**EXTRACTED MATERIAL:**
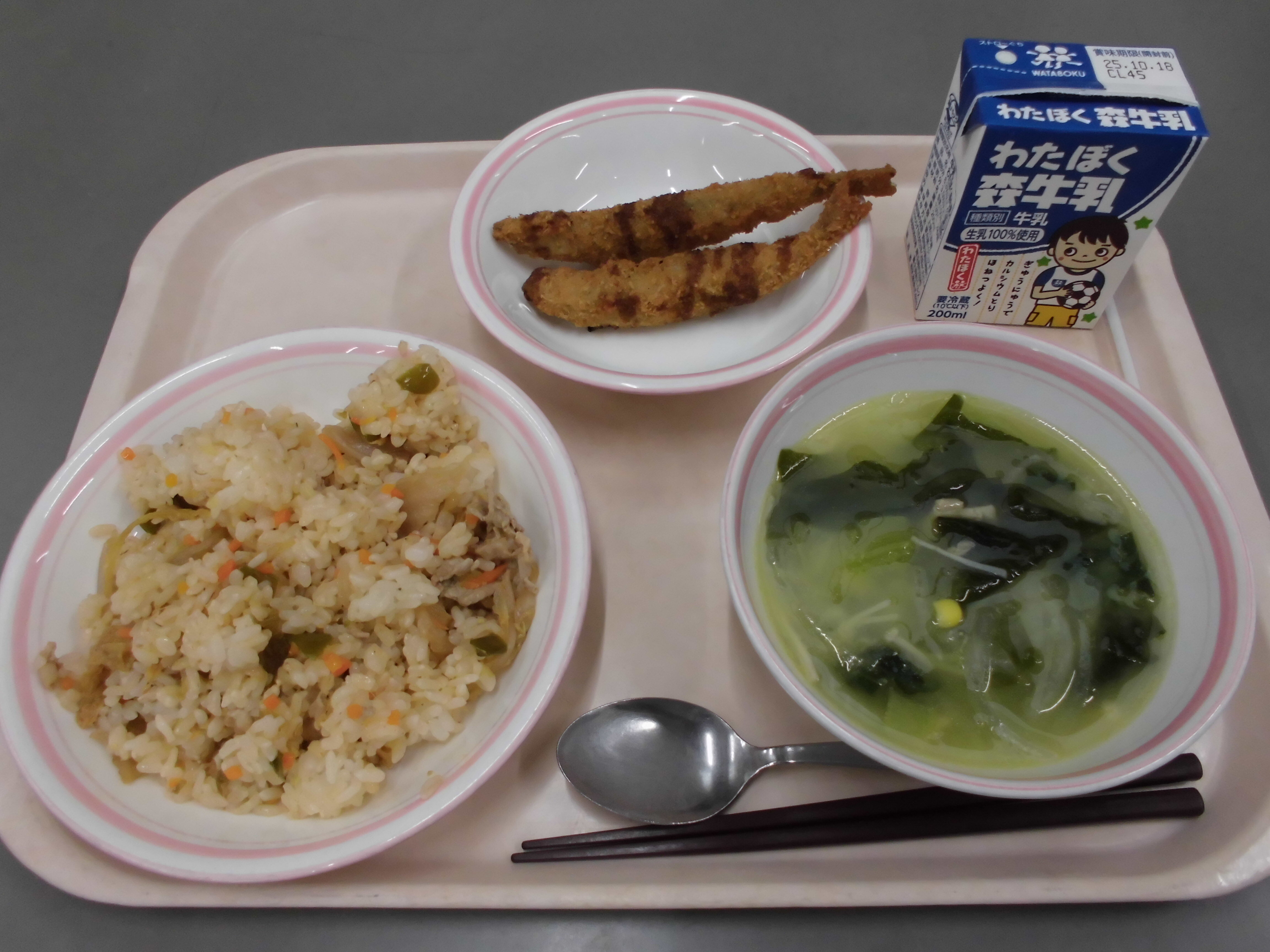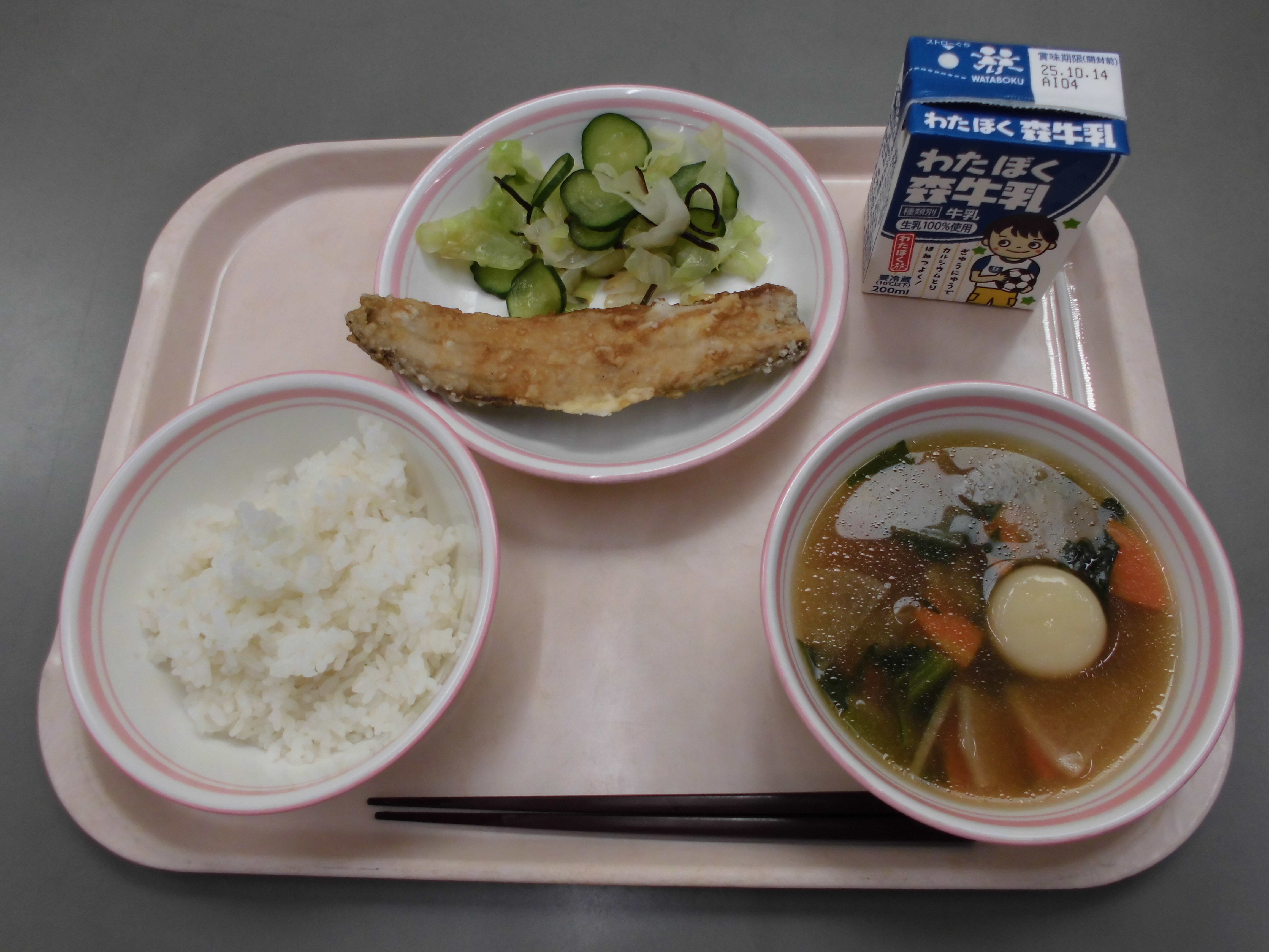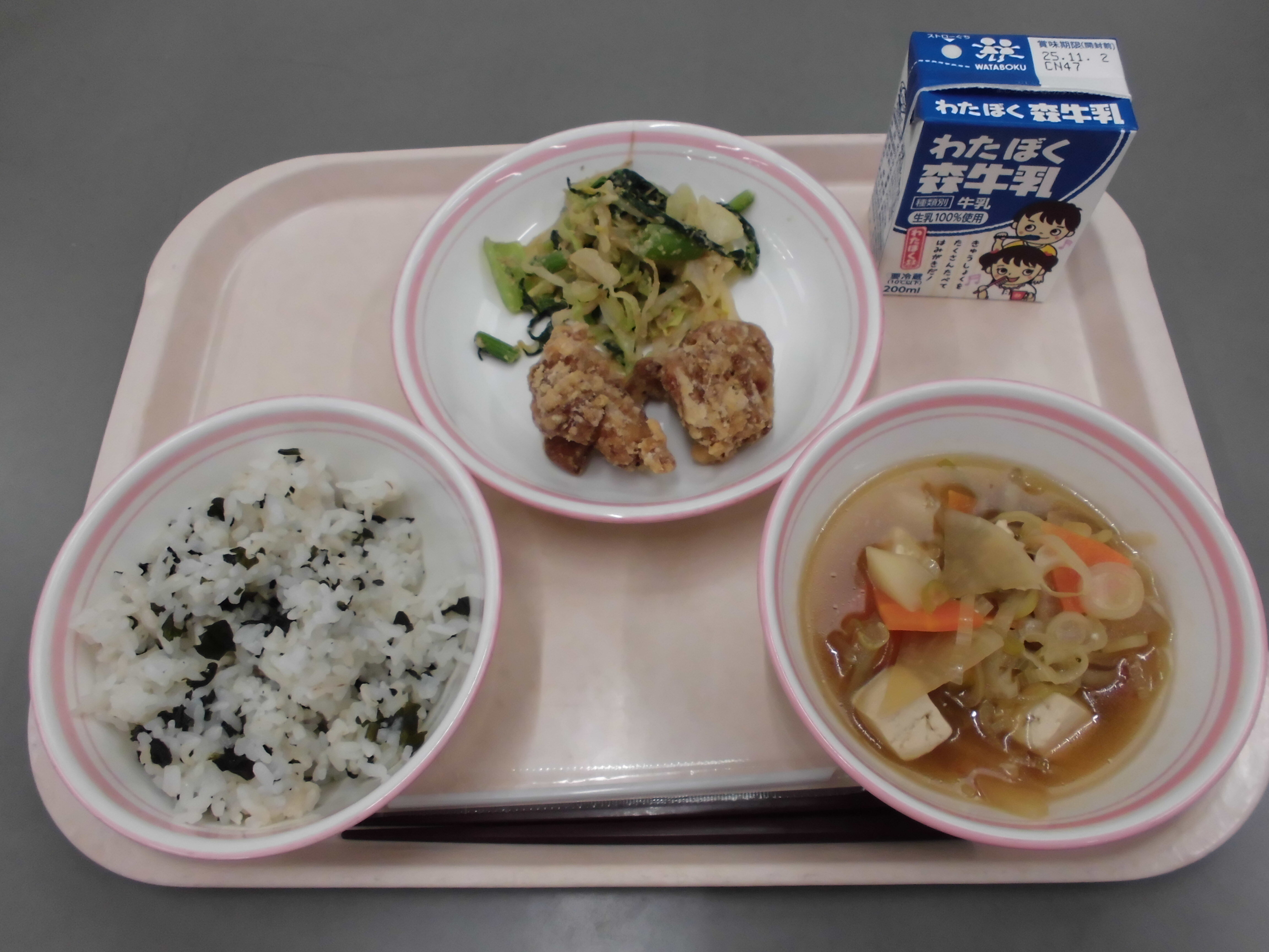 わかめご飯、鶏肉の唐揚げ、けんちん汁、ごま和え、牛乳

---

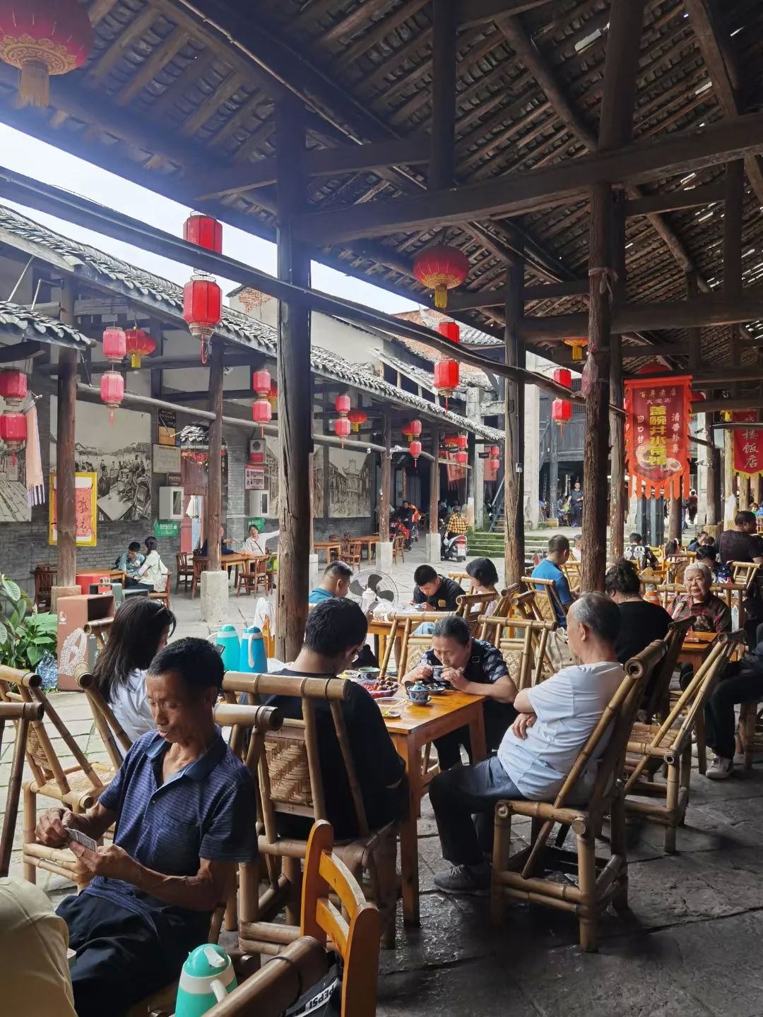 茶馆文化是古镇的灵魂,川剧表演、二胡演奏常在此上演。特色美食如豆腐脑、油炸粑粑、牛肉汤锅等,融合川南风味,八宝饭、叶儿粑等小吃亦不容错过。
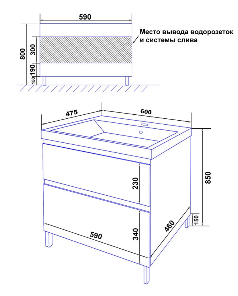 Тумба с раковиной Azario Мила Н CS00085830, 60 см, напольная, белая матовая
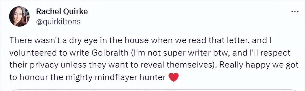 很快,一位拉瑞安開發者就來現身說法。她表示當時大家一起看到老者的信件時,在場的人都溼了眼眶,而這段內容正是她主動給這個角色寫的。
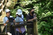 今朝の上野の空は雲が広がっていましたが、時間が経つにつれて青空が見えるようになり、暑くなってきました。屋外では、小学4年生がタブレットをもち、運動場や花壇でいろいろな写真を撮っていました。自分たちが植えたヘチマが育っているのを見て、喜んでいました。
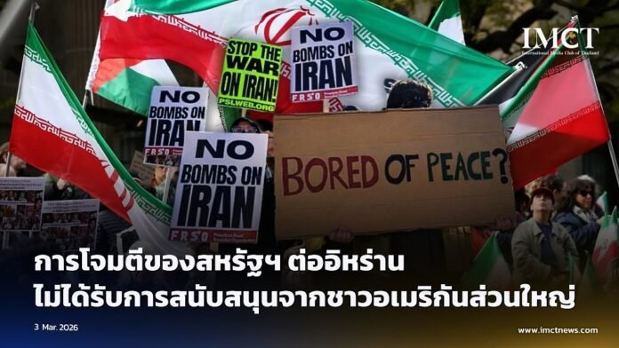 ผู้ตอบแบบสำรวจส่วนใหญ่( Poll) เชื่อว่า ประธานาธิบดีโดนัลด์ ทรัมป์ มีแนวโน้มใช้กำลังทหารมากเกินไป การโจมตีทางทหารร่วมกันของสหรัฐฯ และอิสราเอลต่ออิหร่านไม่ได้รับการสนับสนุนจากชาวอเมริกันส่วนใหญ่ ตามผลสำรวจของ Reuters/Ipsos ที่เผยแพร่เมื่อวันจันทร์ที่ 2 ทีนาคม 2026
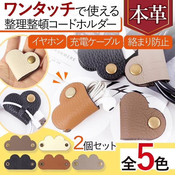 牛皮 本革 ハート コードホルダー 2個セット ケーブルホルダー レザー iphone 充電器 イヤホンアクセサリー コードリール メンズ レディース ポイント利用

--

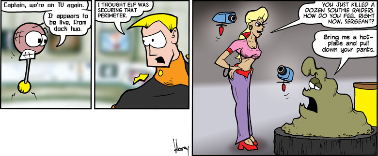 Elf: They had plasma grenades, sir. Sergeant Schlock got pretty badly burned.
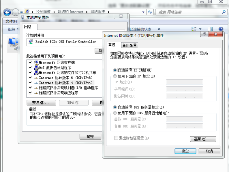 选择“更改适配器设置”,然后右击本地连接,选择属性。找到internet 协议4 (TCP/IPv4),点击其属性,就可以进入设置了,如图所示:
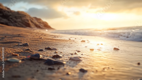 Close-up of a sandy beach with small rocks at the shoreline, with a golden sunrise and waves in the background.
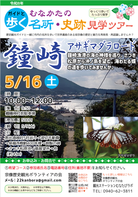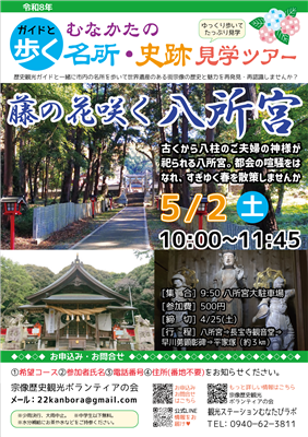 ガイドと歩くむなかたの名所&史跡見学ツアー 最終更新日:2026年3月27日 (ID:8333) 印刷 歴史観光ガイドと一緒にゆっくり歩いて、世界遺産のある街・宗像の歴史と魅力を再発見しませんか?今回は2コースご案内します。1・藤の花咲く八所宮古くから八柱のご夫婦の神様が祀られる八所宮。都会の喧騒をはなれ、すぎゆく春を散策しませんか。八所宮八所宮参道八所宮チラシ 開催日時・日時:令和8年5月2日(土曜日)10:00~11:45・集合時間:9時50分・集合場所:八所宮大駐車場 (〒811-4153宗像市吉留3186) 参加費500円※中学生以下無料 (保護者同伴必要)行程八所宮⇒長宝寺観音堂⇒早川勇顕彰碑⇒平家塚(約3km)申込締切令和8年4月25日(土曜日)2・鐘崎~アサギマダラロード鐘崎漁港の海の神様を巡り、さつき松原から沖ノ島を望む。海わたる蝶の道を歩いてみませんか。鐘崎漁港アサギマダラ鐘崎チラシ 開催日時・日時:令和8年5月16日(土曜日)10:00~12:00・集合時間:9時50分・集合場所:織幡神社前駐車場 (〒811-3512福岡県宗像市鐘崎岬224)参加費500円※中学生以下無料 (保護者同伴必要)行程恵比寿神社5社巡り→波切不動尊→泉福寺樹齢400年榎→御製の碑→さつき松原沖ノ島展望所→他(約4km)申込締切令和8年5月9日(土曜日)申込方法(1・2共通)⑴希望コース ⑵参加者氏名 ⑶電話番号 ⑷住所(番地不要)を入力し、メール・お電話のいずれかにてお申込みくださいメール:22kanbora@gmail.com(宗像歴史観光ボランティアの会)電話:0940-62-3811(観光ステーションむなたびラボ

**EXERCISE BRIEF:** Look above for the line containing "今朝の上野の空は雲が広がって", then copy exactly from it through the line containing "牛皮 本革 ハート コードホルダー", keeping both and leaving out pictures. Add nothing else.

**EXERCISE RESPONSE:**
 今朝の上野の空は雲が広がっていましたが、時間が経つにつれて青空が見えるようになり、暑くなってきました。屋外では、小学4年生がタブレットをもち、運動場や花壇でいろいろな写真を撮っていました。自分たちが植えたヘチマが育っているのを見て、喜んでいました。
 ผู้ตอบแบบสำรวจส่วนใหญ่( Poll) เชื่อว่า ประธานาธิบดีโดนัลด์ ทรัมป์ มีแนวโน้มใช้กำลังทหารมากเกินไป การโจมตีทางทหารร่วมกันของสหรัฐฯ และอิสราเอลต่ออิหร่านไม่ได้รับการสนับสนุนจากชาวอเมริกันส่วนใหญ่ ตามผลสำรวจของ Reuters/Ipsos ที่เผยแพร่เมื่อวันจันทร์ที่ 2 ทีนาคม 2026
 牛皮 本革 ハート コードホルダー 2個セット ケーブルホルダー レザー iphone 充電器 イヤホンアクセサリー コードリール メンズ レディース ポイント利用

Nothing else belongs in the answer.